The real problem, though, is no one thinks of the cockroach. Each player on the multi-disciplinary team sees the problem set up the way that they want things to work. Power grid engineers see homes and offices as just one more set of slow devices to turn on and off. Homes and offices see the grid as a secretive and not very reliable partner they have to work with. Green and sustainable energy folks seem to see the laws of thermodynamics as as much a social construct as are the tariffs and business procedures of the grid. Utilities executives see distributed generation as an inefficient way for middle class hobbyists to get their obsessions paid for by those less well off.
The cockroach was moving every bit as fast as the log he was sitting on. While an observer saw space, and the length of the log, contracting, the cockroach was sitting on the log and saw it remaining at 110 feet. The cockroach actually saw the barn getting shorter still, and not likely to let the log pass. However, the cockroach also saw was time dilation instead of space dilation.

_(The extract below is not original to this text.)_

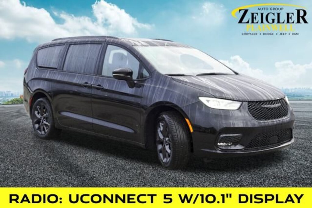Recent Arrival! Diamond Black Crystal Pearlcoat 2026 Chrysler Pacifica Select AWD 9-Speed 948TE Automatic 3.6L V6 24V VVT 10.1" Touchscreen Display, 360 Surround View Camera System, 4G LTE Wi-Fi Hot Spot, Anodized Ink Badging, Apple CarPlay/Android Auto, AWD Suspension, Black Day Light Opening Moldings, Black Stow 'N Place Roof Rack, Brake assist, Caprice Leatherette w/S Logo, Electronic Stability Control, Emergency communication system: Chrysler Connect, Heated front seats, ParkSense Front/Rear Park Assist w/Stop, ParkView Rear Back-Up Camera, Piano Black Interior Accents, Power Liftgate, Premium Fascia Upper/Lower Grille w/Black Surround, Premium Rear Fascia Black, Quick Order Package 27L, Radio: Uconnect 5 w/10.1" Display, Remote keyless entry, S Appearance Package, S Badge, Safety Sphere, Security system, Steering wheel mounted audio controls, Wheels: 20" x 7.5" S-Model Aluminum Design 1.

To the cockroach, the two doors no longer open and close simultaneously, giving the log just enough time to slip through.
And that is the problem with the smart grid. The grid operators do not see the problems of the buildings. The building owners do not see the problems of the grid, because they are hidden by the rules and market design. Venture capitalists do not see a path to profitability in funding projects with years of indecision by the utilities built into the sale cycle. “If only those others would learn about how hard my problems are…” None of them will embrace the perspective of the others; they happen to have other jobs.
Today, I have been wrestling with “Architecturally Significant Interfaces”. Grid architects tend to see the world as late 60’s open plan houses, with no proper rooms to divide the houses activities. Open up the kitchen to the dining room and living room. (I wonder how much great rooms are responsible for the tendency to eat take-out in front of the TV.) Open up the master bedroom to the great room as a loft; it is open and honest, and who cares if it scares the kids. Heck, pry the doors of the bathrooms, so everybody can interact, no matter what they are doing.
A good architecture divides the house into rooms, and thereby defines how people live there. It does not determine the furniture or the wall paint. The conceptual model of the smart grid (read it yourself, chapter 3) describes the functions of the grid and the buildings and people who participate in it. The Architecturally Significant Interfaces could define how information is handed between them; if selected correctly they will free up those in reach room to innovate, without concern for those in other rooms. If we end up with an open floor plan, we will have a mess, wherein in the name of openness we will need a family meeting to before we can decide to change anything.
Relativity—it relies on acknowledging different perspectives. Without acknowledging a few architecturally significant interfaces, the smart grid will assume a perspective held by no one. And that will be a prescription for failure.